Advice with Bee!

Bee Chaudhury

Staff Writer

     Content Warning: I will be talking about gender dysphoria in this.

     Hi everyone, I’m Bee! I like whales, soup, and snack food. I’m also part of the LGBT community! I identify as non-binary and use he/they pronouns, which is very comfortable for me. Of course, that doesn’t mean I’m androgynous, which is completely ok! You are allowed to express yourself however you think feels right. That’s the whole point of gender expression. 

     Before we get too far into things, here are some definitions which will be helpful. Don’t worry if it’s confusing at first; it’s a lot of new information.

     Gender dysphoria (noun): the feeling of not having your gender assigned at birth not match how you see your gender

     Cisgender (adj): when someone identifies with the gender they were assigned at birth

     Non-binary (adj): when someone identifies somewhere in-between the gender spectrum

     Agender (adj): when someone identifies with having no gender or not fitting in the spectrum at all

     Don’t feel too overwhelmed with all of this right now, it will be defined again later just in case. 
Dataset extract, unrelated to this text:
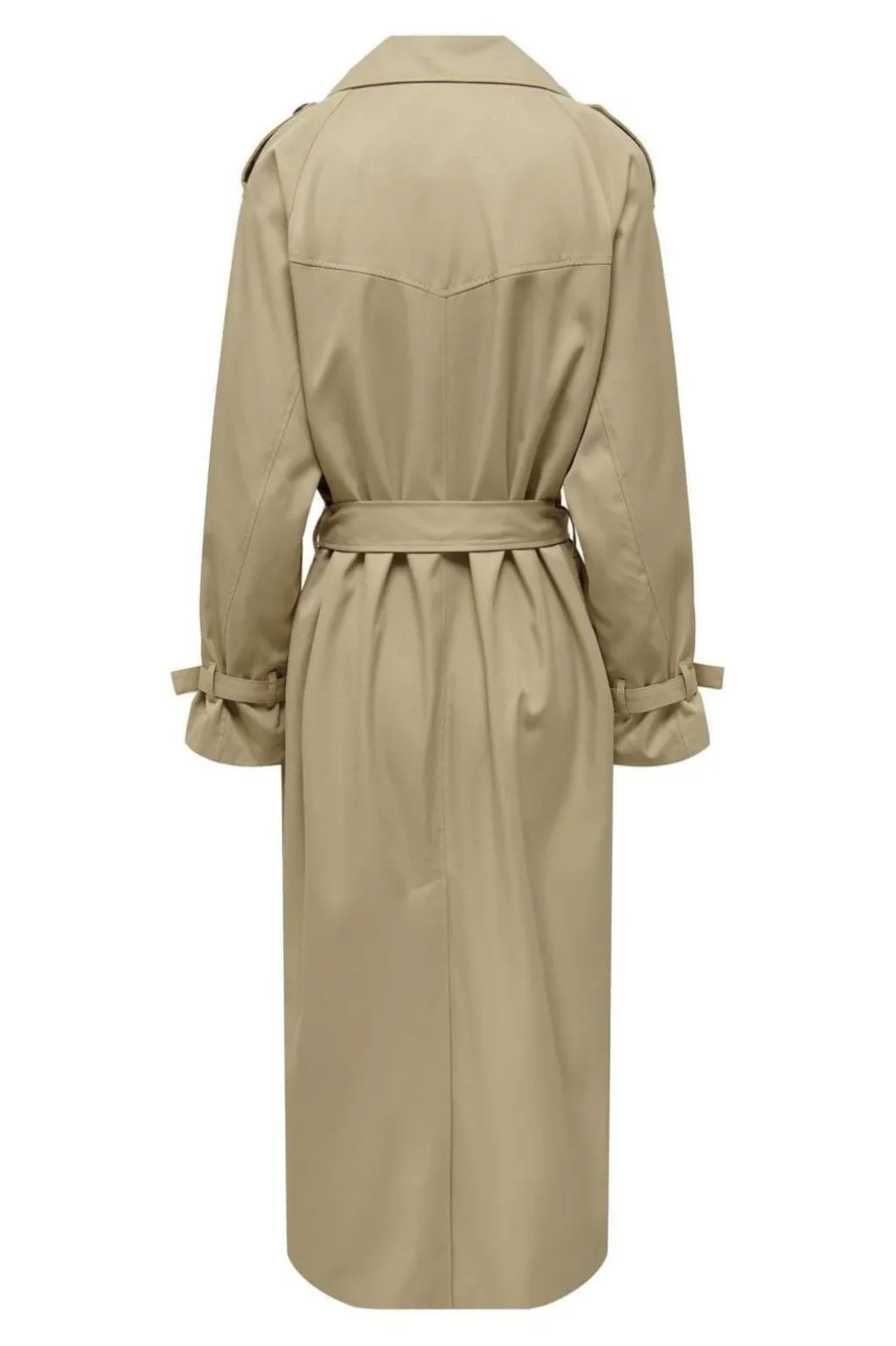 Beige trenchcoat med revers og dobbeltknaplukning fra Only. Den lange frakke har et klassisk snit med brede revers og et matchende bælte.

     “How long did it take for you to figure your identity out?”

     For me personally, it took a long time. I never really felt like a girl in my head, but I just recently acknowledged that feeling. I never really felt like a boy either, but I’m comfortable being somewhere in the middle. It did take me 3 years to get to this point, but this isn’t the same for everyone. Some people figure it out right away, and for others it takes some time. You’re allowed to take your time, especially with big things like this. Figuring yourself out is like a big puzzle, and rushing is only going to make you frustrated.

     “How do I know that I’m not cisgender?”

     That’s really up to how you feel. Being cisgender is when you identify with the gender you were assigned at birth. It’s helpful to experiment, especially if you’re not sure of yourself. You can just experiment with different pronouns to start, and then take it from there. Of course, there’s more to it than just pronouns, but how you go about that is up to you. There are different types of gender dysphoria, which are all experienced differently. There’s social, mental, and physical dysphoria, which are all different but still indicators that someone might not be cisgender. Gender dysphoria is when your gender assigned at birth doesn’t match the way you feel. It might be through the way your body looks, the way your mind perceives you, or through how other people perceive you. Of course, how you figure all of this out is up to you. I personally started with pronouns and then realized I’m not a girl, but you can go in any order you want. 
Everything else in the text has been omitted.